Zurück aber zum heutigen Geschehen. Tatsächlich war ich etwas hin und hergerissen. Ich stellte mehrfach sicher das mein Stativ gut und richtig nivelliert war, denn immer wieder erwischte ich mich dabei, wie mein Objektiv in Lichtgeschwindigkeit von dem Quemao Spektakel rüber zur Misteriosa schwenkte und hoffte dabei am jeweils anderen Spot nichts zu verpassen. Einfach unfassbar sauber und extrem groß liefen die Misteriosa Wellen, wegschauen unmöglich. Wirklich gute Fotos auf diese Art und Weise erzielen, fast ebenso unmöglich. Das Objektiv blieb nun auf Quemao gerichtet und nur mein Blick wanderte immer wieder über die rechte Schulter sobald ein weiteres Riesenset einrollte.
Vielleicht, ja vielleicht, fahre ich später noch kurz rüber, am Club La Santa, dem Sporthotel mit riesigem Sportangebot und Trainingslager unzähliger Triathleten, Rad- und Wassersportler und fotografiere. Daraus wurde aber nichts.
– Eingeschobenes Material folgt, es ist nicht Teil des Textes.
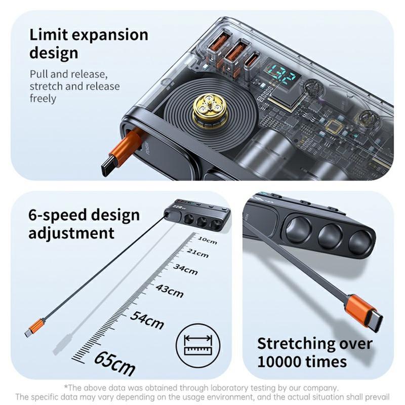 - Uttrekkbar Type-C-kabel - Innebygd kabel som kan forlenges fra 65 cm til 100 cm for fleksibel lading.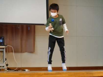 下段・・・「♪もしもしかめよ」のリズムでけん玉を披露する1年生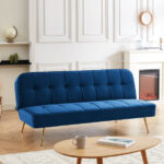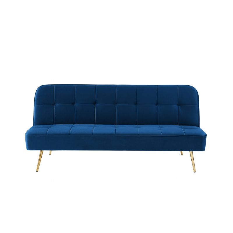 Canapé 3 places convertible en velours bleu nuit pied doré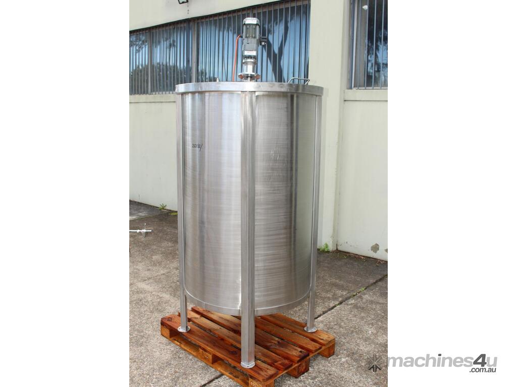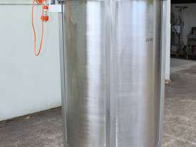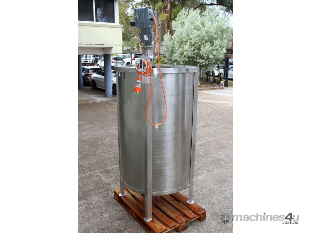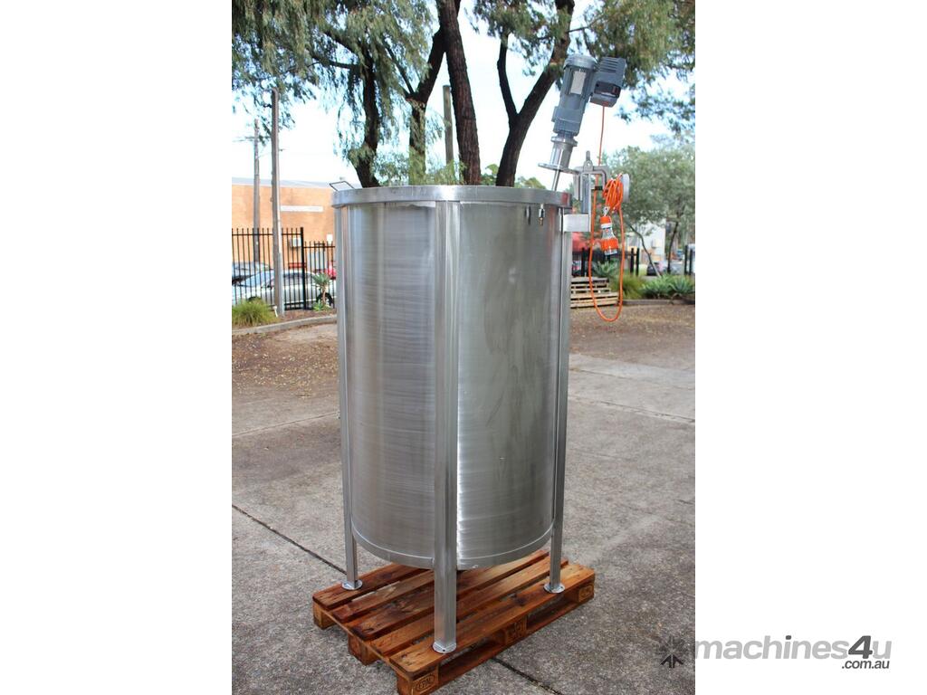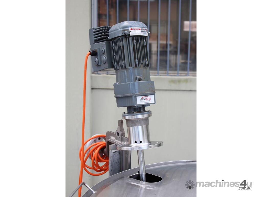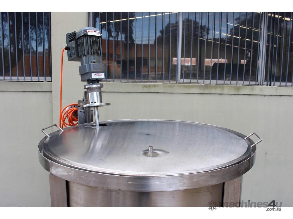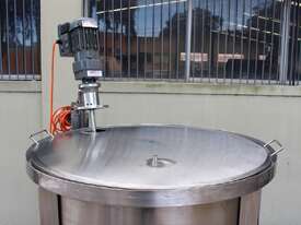Stainless Steel Mixing Tank, capacity 1000L, internal dimensions: 950mm dia x 1500mm deep, open top with lid, “Mixquip” portable mixer with 2 x props, driven by 3 phase 0.55kw variable speed geared motor, conical bottom with 50mm dia centre outlet, tank overall height: 1880mm with approx. 300mm legs, overall height including mixer 2500mm

Zu gut, zu atemberaubend war das, was in Quemao geboten wurde.
Zudem ließ die Wellenqualität bis zum frühen nachmittag deutlich nach und die Entscheidung der Quemao Class Organisation, das Event während dieser Wellenphase nicht zu starten wurde immer nachvollziehbarer.
Nur sehr langsam setzte ich mein Fahrzeug in Bewegung, im Schritttempo ging es zum Ortsausgang, nicht wenige Radsportler passierten mich dabei, während mein Blick immer wieder kurz in den Rückspiegel und durch die engen Gassen aufs Wasser fiel, um sicher zu gehen nicht doch noch etwas zu verpassen.
Jetzt heißt es erstmal wieder warten, Wellenkarten studieren und auf die nächsten Wellenberge hoffen. Bis dahin werde ich mich wider an der geliebten Ostküste ins Wasser stürzen, die Küste auf und abfahren, immer auf der Suche nach dem Tagesaktuell besten Spot.